**TASK ITEM:** Only the lines from the one containing "Celé dievčenské plavky" through the last line below belong in your copy; transcribe them exactly and omit any pictures.

**DATA PROVIDED:**
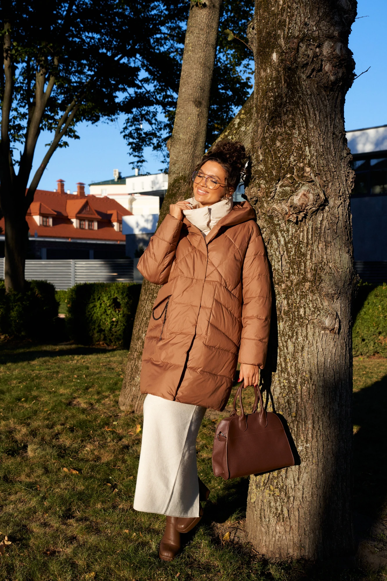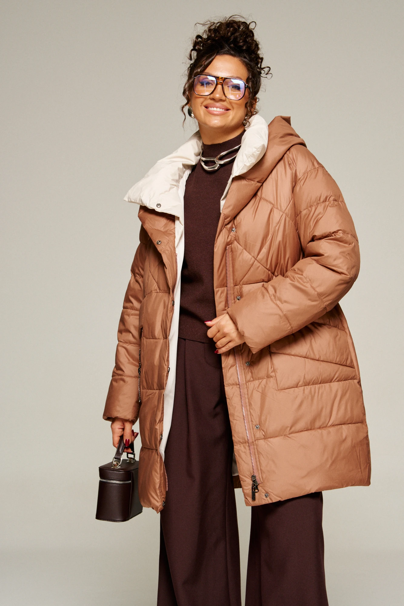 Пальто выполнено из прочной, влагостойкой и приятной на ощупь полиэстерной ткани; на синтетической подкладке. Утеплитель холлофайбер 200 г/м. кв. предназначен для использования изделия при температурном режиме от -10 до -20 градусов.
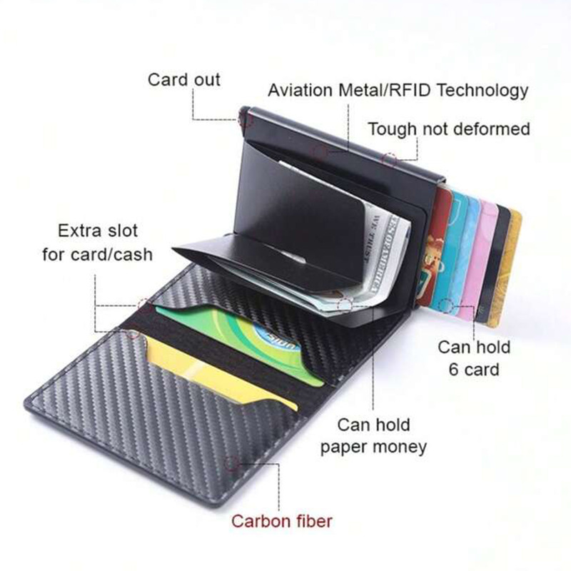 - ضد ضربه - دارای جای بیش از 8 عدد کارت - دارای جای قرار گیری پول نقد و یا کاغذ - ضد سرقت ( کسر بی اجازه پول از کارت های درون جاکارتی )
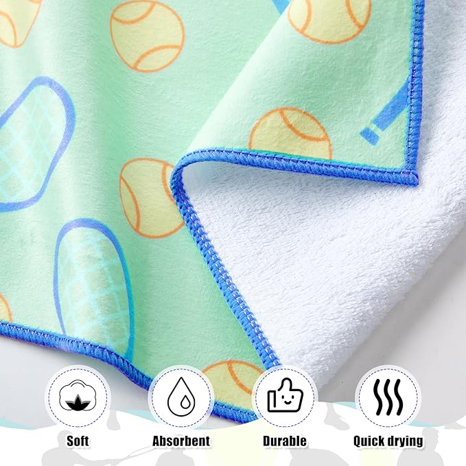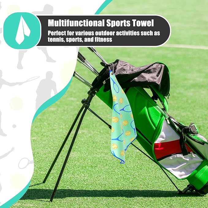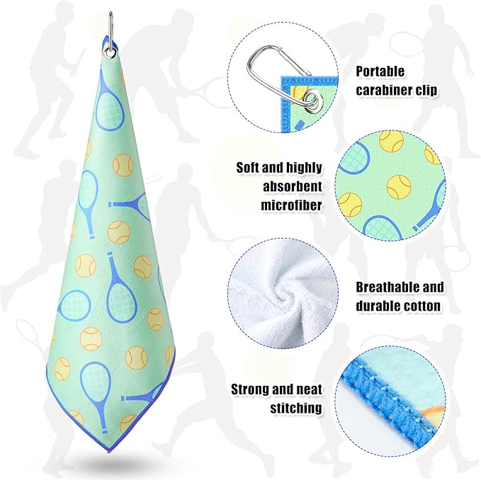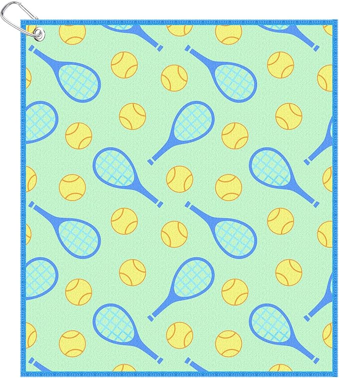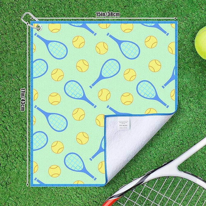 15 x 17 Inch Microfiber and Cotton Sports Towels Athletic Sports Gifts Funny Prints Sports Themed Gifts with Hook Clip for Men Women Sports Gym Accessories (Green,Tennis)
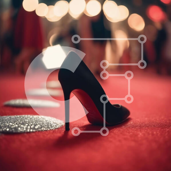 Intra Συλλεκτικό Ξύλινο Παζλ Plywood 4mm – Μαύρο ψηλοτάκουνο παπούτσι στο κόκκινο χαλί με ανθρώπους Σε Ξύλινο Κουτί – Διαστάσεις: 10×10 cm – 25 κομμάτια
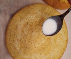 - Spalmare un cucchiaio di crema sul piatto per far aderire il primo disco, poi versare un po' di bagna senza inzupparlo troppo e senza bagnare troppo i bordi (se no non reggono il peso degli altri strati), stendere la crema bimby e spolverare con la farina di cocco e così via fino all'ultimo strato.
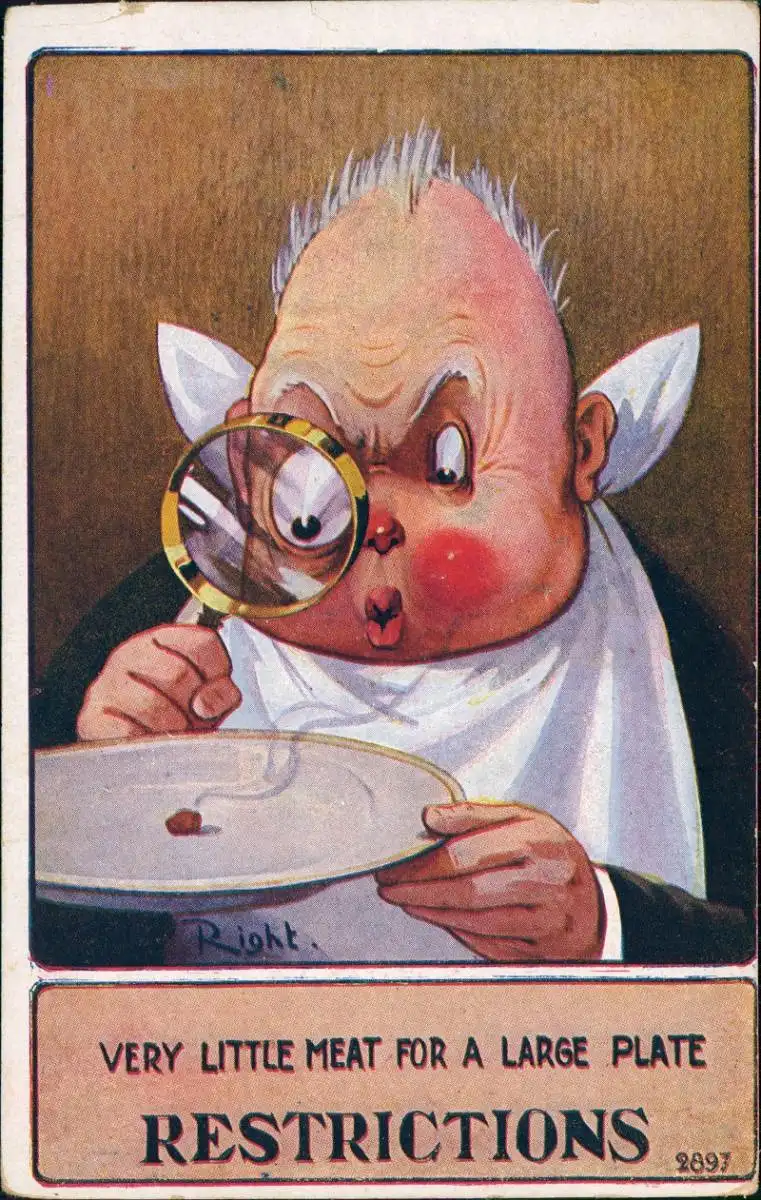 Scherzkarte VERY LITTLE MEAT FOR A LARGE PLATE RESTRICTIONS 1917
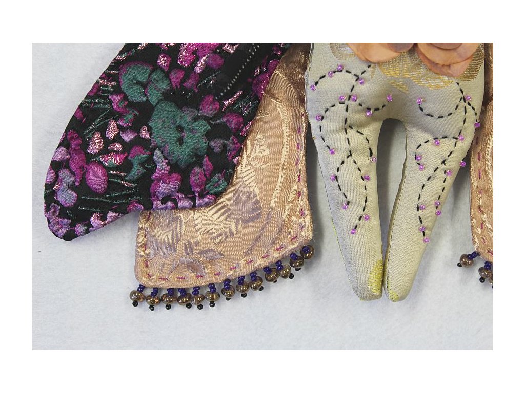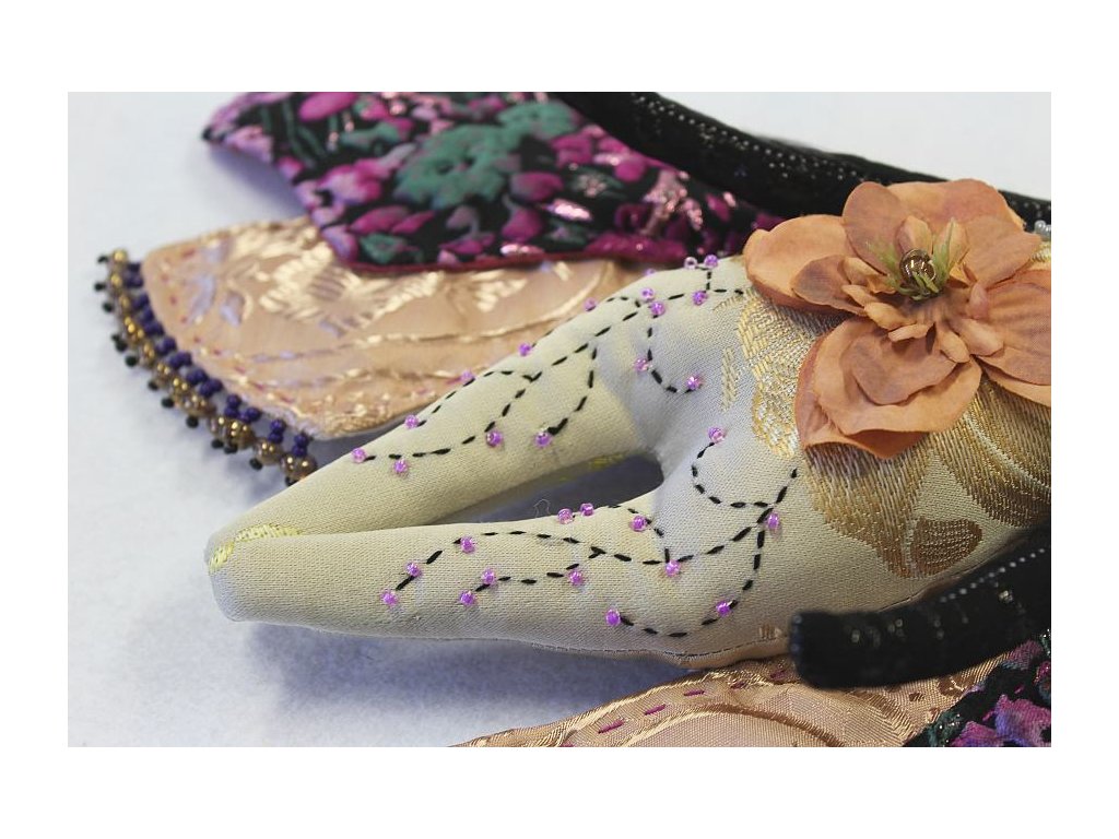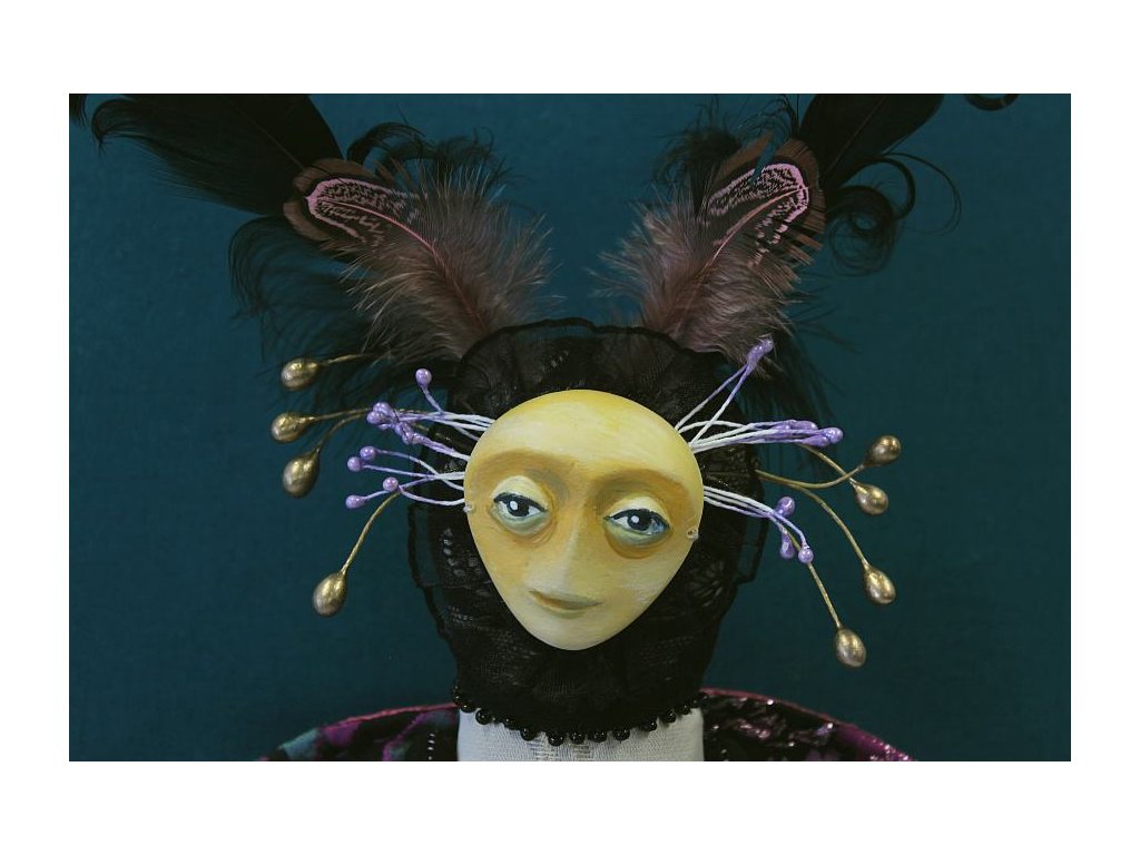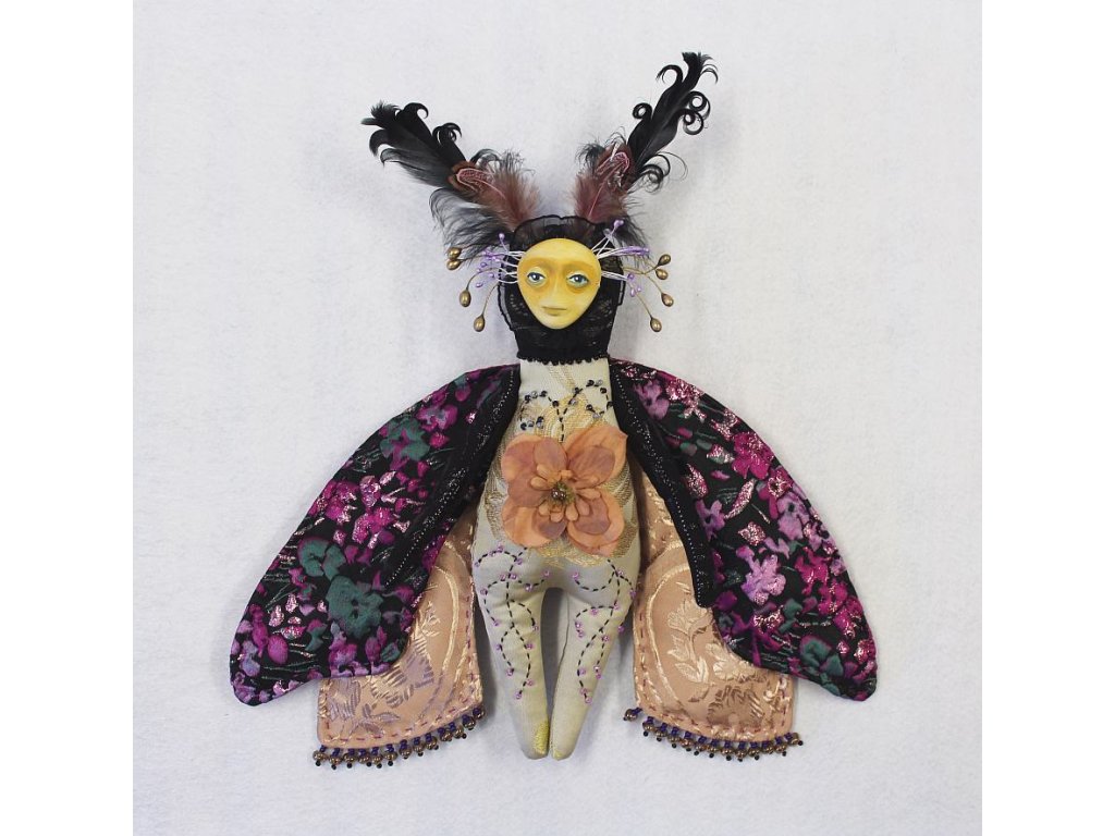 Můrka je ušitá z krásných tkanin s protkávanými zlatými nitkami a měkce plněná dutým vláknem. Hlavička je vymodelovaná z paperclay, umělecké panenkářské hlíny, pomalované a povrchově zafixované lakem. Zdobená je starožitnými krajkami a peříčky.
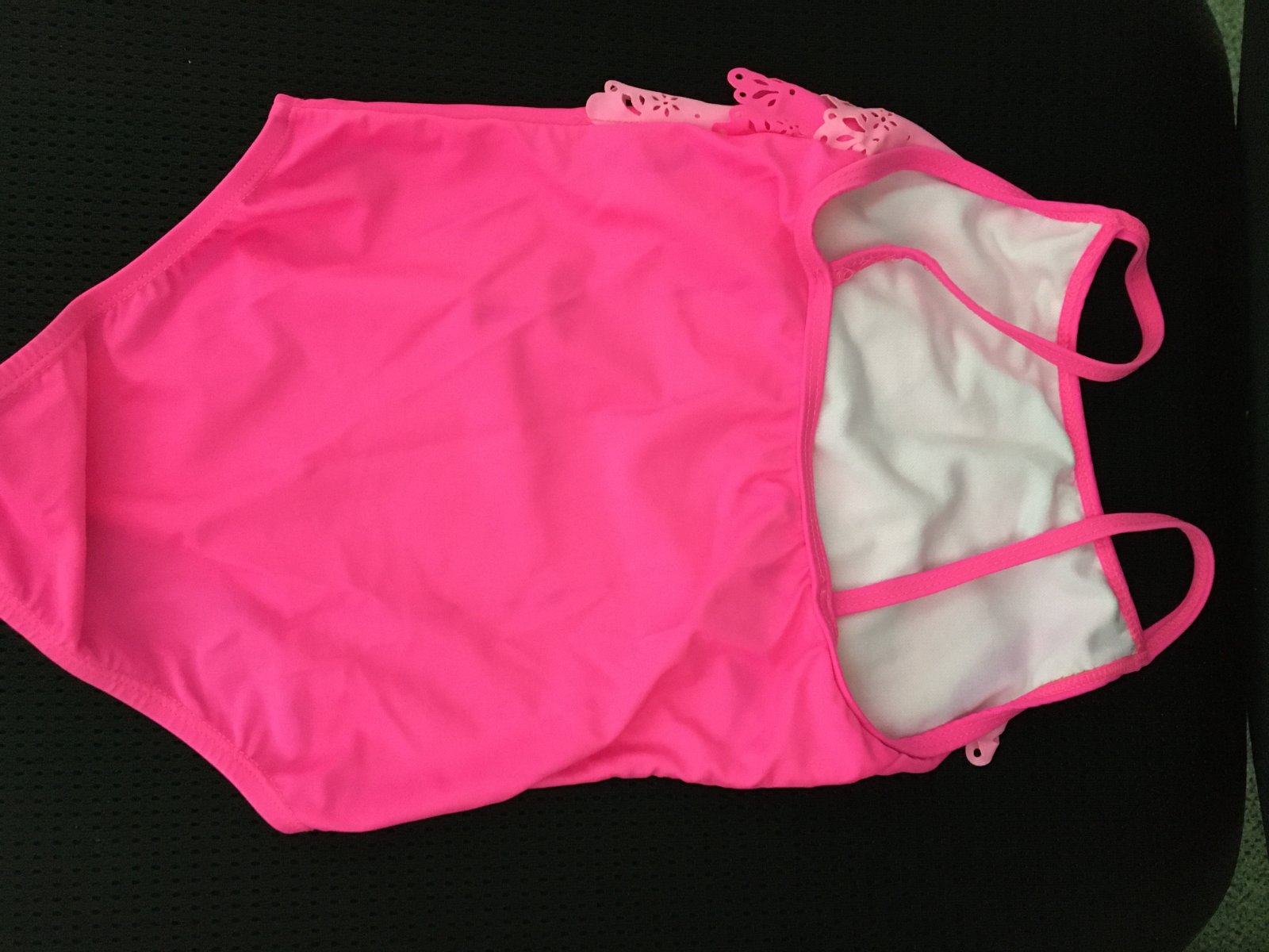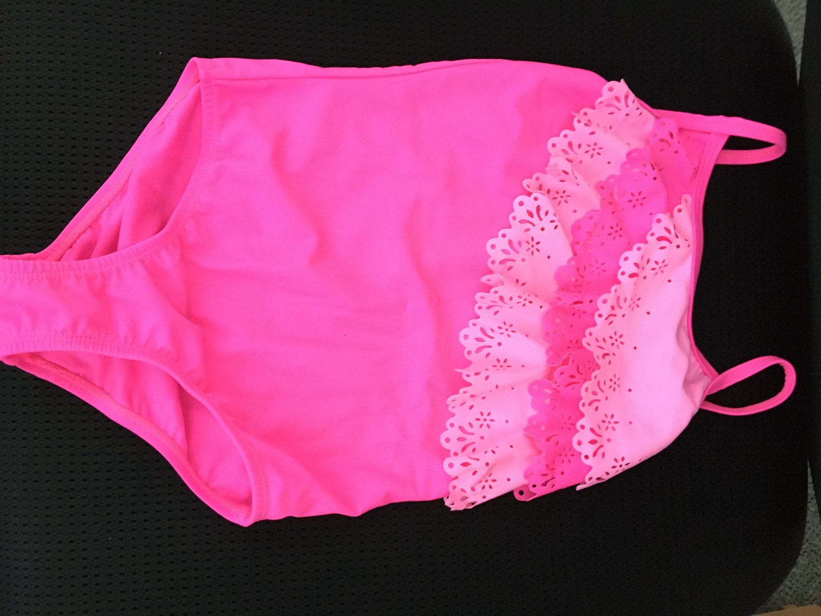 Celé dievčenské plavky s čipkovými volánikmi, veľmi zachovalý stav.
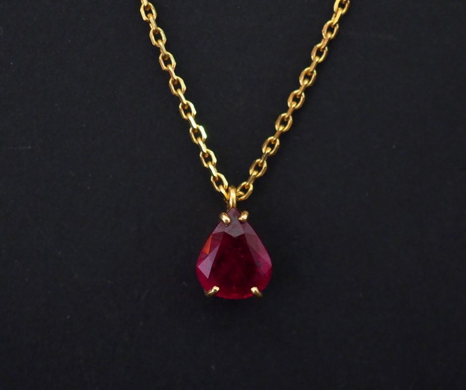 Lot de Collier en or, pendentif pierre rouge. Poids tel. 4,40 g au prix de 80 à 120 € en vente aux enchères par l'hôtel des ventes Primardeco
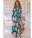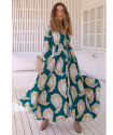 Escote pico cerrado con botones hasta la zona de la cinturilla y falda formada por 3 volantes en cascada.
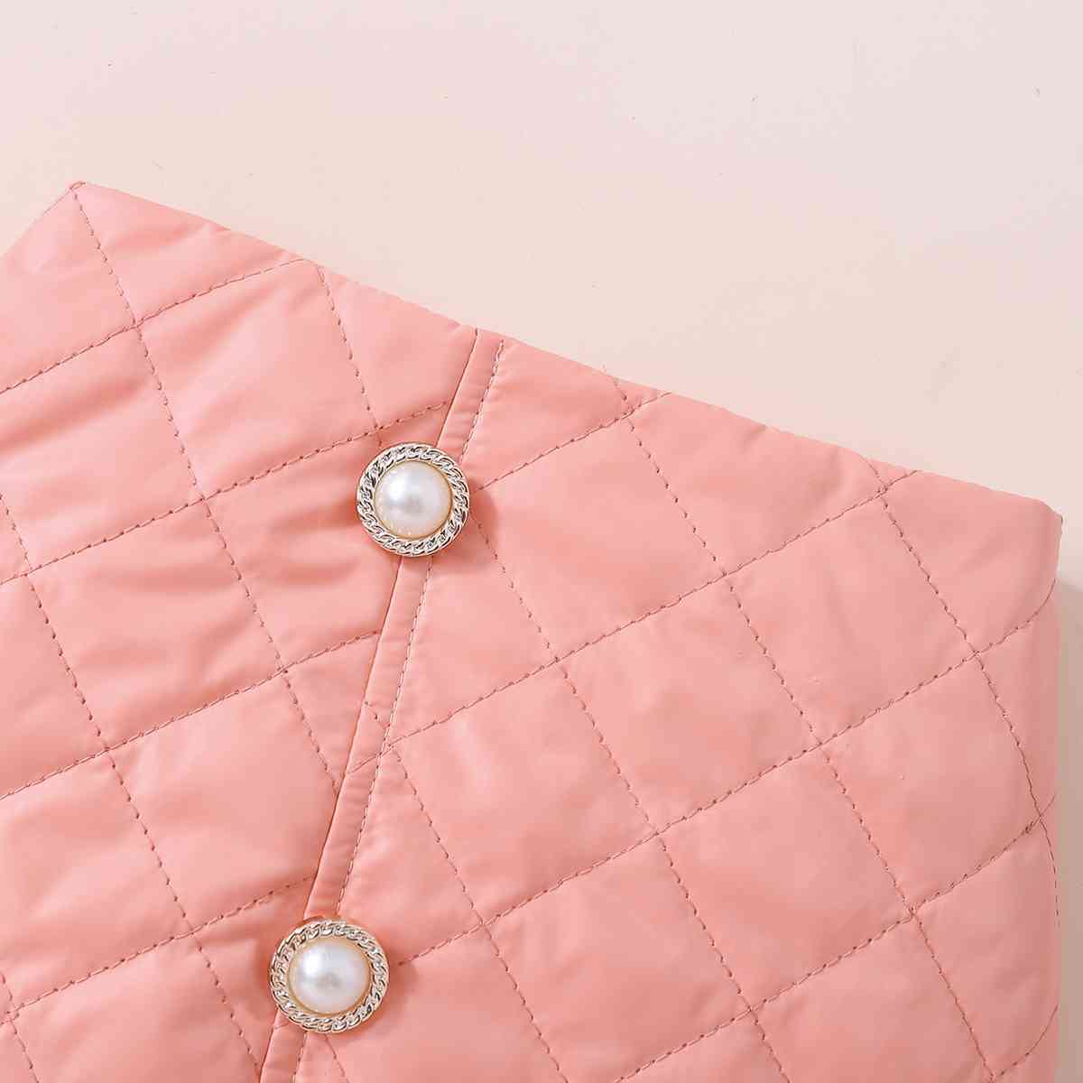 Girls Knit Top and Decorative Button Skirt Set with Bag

**TASK SOLUTION:**
 Celé dievčenské plavky s čipkovými volánikmi, veľmi zachovalý stav.
 Lot de Collier en or, pendentif pierre rouge. Poids tel. 4,40 g au prix de 80 à 120 € en vente aux enchères par l'hôtel des ventes Primardeco
 Escote pico cerrado con botones hasta la zona de la cinturilla y falda formada por 3 volantes en cascada.
 Girls Knit Top and Decorative Button Skirt Set with Bag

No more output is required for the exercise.